Aim of the task:
Repeat exactly what runs from the line containing "首页 / 视频素材 / AI视频素材(横屏) / 太空舰队环绕地球场景" through the last line of the material below. Do not copy the pictures.

Provided records:

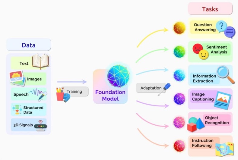 파운데이션 모델은 일반적으로 비지도형 기계 학습을 통해 방대한 양의 원시 데이터로 학습된 AI 신경망이다. 이는 인간과 유사한 언어를 이해하고 생성하도록 훈련된 일종의 인공지능 모델이다. 이제 컴퓨터가 인간처럼 단어와 문장의 문맥과 의미를 이해할 수 있도록 방대한 양의 책을 읽고 학습할 수 있는 라이브러리를 제공할 수 있게 됐다.
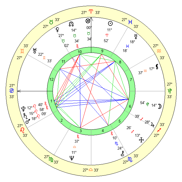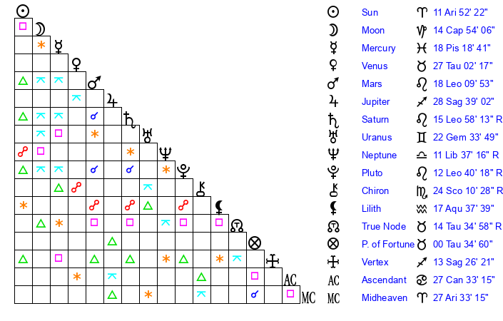 | Sun | 11 Aries 52 | 12 Aries 13 | 26 Gemini 22 |
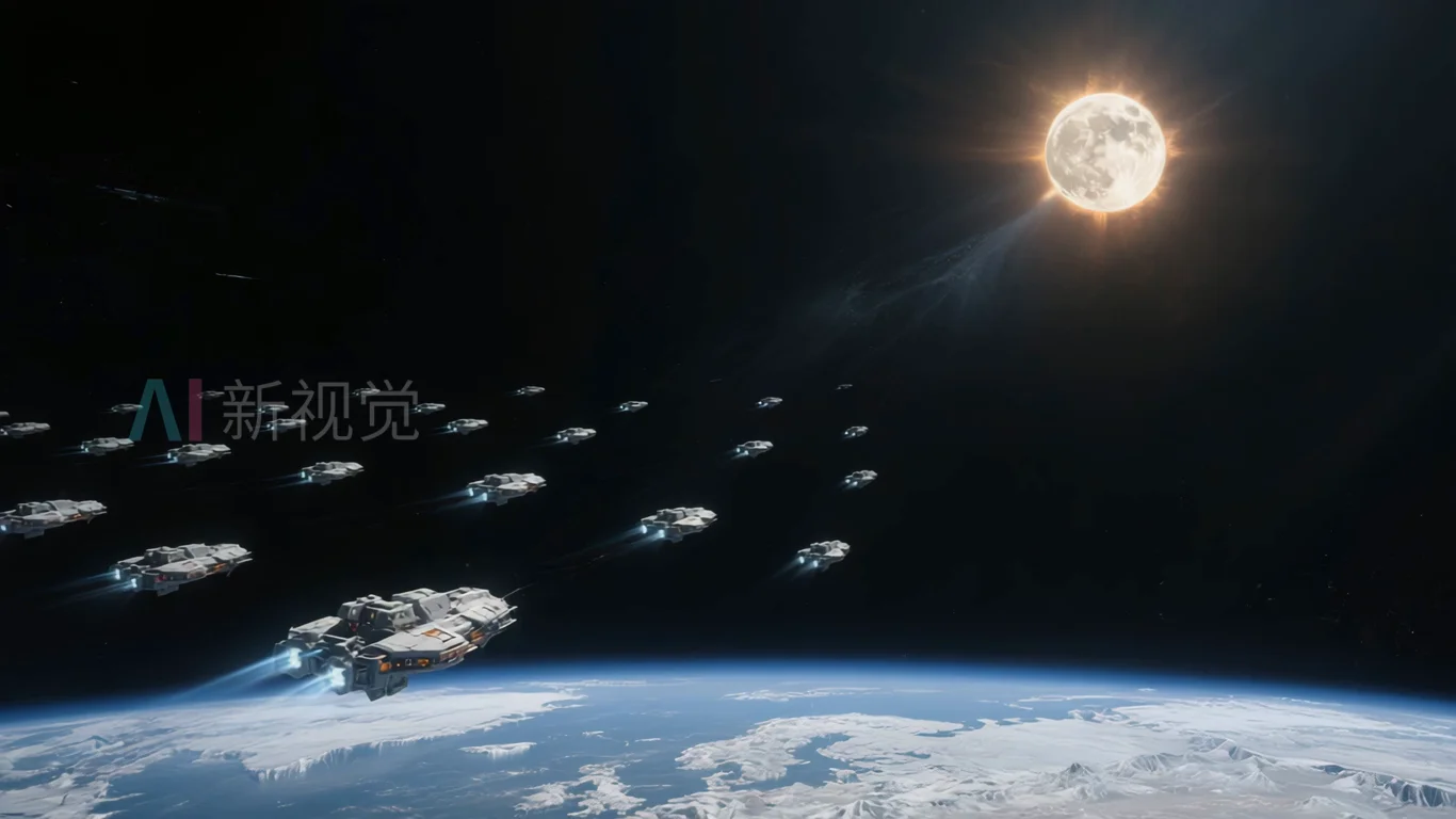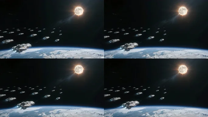 首页 / 视频素材 / AI视频素材(横屏) / 太空舰队环绕地球场景
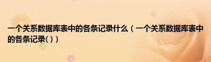 关于一个关系数据库表中的各条记录什么,一个关系数据库表中的各条记录( )这个很多人还不知道,今天菲菲来为大家解答以上的问题,现在让我们一起来看看吧!
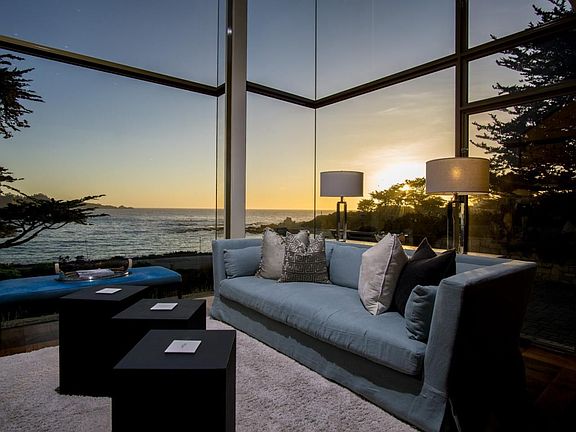 From the privacy of this extraordinary home, the unobstructed views of Stewart's Cove and Point Lobos are undoubtedly among the finest on Scenic Road at the Carmel Point. When the cove is filled with dolphins or whales it is a breathtaking experience comparable to witnessing nature at its most magnificent, anywhere on the planet. Relax on the private backyard lawn area or upper sun deck of this south-facing contemporary masterpiece, formerly the residence of noted artist Thomas Kinkade. In 2012 the home was altogether re-designed and constructed to the demanding standards of modern luxury. Features include, radiant heat, Select-Clara Walnut floors, a variant of Bird's Eye Maple cabinetry and Bamboo Marble.This home is a delight!
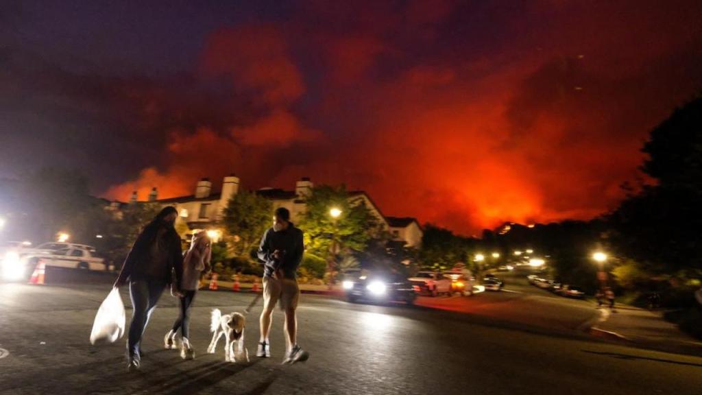 Aproximadamente un millar de residentes del área del Cañón de Topanga recibieron la orden de evacuar sus hogares mientras las llamas corrían a lo largo de las crestas, enviando una enorme columna de humo y lluvia de cenizas a través de los vecindarios circundantes y la autopista US 101 hacia el norte.
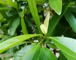 ‘香蕉’玉兰(Magnolia denudata ‘Xiangjiao’)。落叶小乔木,株型紧凑。花白色,花蕾初开时弯曲如香蕉状。花被片9枚,内外几同形。花期3月。果期9月。
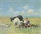 Pittore dell'800 "Caprette nel prato" cm. 38x45 - olio su tela
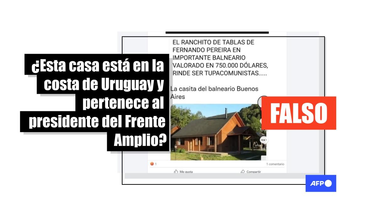 “El ranchito de tablas de Fernando Pereira en importante balneario valorado en 750.000 dólares, rinde ser tupacomunistas…La casita del balneario Buenos Aires”, se lee en una publicación compartida en X, junto a una fotografía de una cabaña. El contenido también ha sido difundido por usuarios en Facebook (1, 2).

Your response:
 首页 / 视频素材 / AI视频素材(横屏) / 太空舰队环绕地球场景
 关于一个关系数据库表中的各条记录什么,一个关系数据库表中的各条记录( )这个很多人还不知道,今天菲菲来为大家解答以上的问题,现在让我们一起来看看吧!
 From the privacy of this extraordinary home, the unobstructed views of Stewart's Cove and Point Lobos are undoubtedly among the finest on Scenic Road at the Carmel Point. When the cove is filled with dolphins or whales it is a breathtaking experience comparable to witnessing nature at its most magnificent, anywhere on the planet. Relax on the private backyard lawn area or upper sun deck of this south-facing contemporary masterpiece, formerly the residence of noted artist Thomas Kinkade. In 2012 the home was altogether re-designed and constructed to the demanding standards of modern luxury. Features include, radiant heat, Select-Clara Walnut floors, a variant of Bird's Eye Maple cabinetry and Bamboo Marble.This home is a delight!
 Aproximadamente un millar de residentes del área del Cañón de Topanga recibieron la orden de evacuar sus hogares mientras las llamas corrían a lo largo de las crestas, enviando una enorme columna de humo y lluvia de cenizas a través de los vecindarios circundantes y la autopista US 101 hacia el norte.
 ‘香蕉’玉兰(Magnolia denudata ‘Xiangjiao’)。落叶小乔木,株型紧凑。花白色,花蕾初开时弯曲如香蕉状。花被片9枚,内外几同形。花期3月。果期9月。
 Pittore dell'800 "Caprette nel prato" cm. 38x45 - olio su tela
 “El ranchito de tablas de Fernando Pereira en importante balneario valorado en 750.000 dólares, rinde ser tupacomunistas…La casita del balneario Buenos Aires”, se lee en una publicación compartida en X, junto a una fotografía de una cabaña. El contenido también ha sido difundido por usuarios en Facebook (1, 2).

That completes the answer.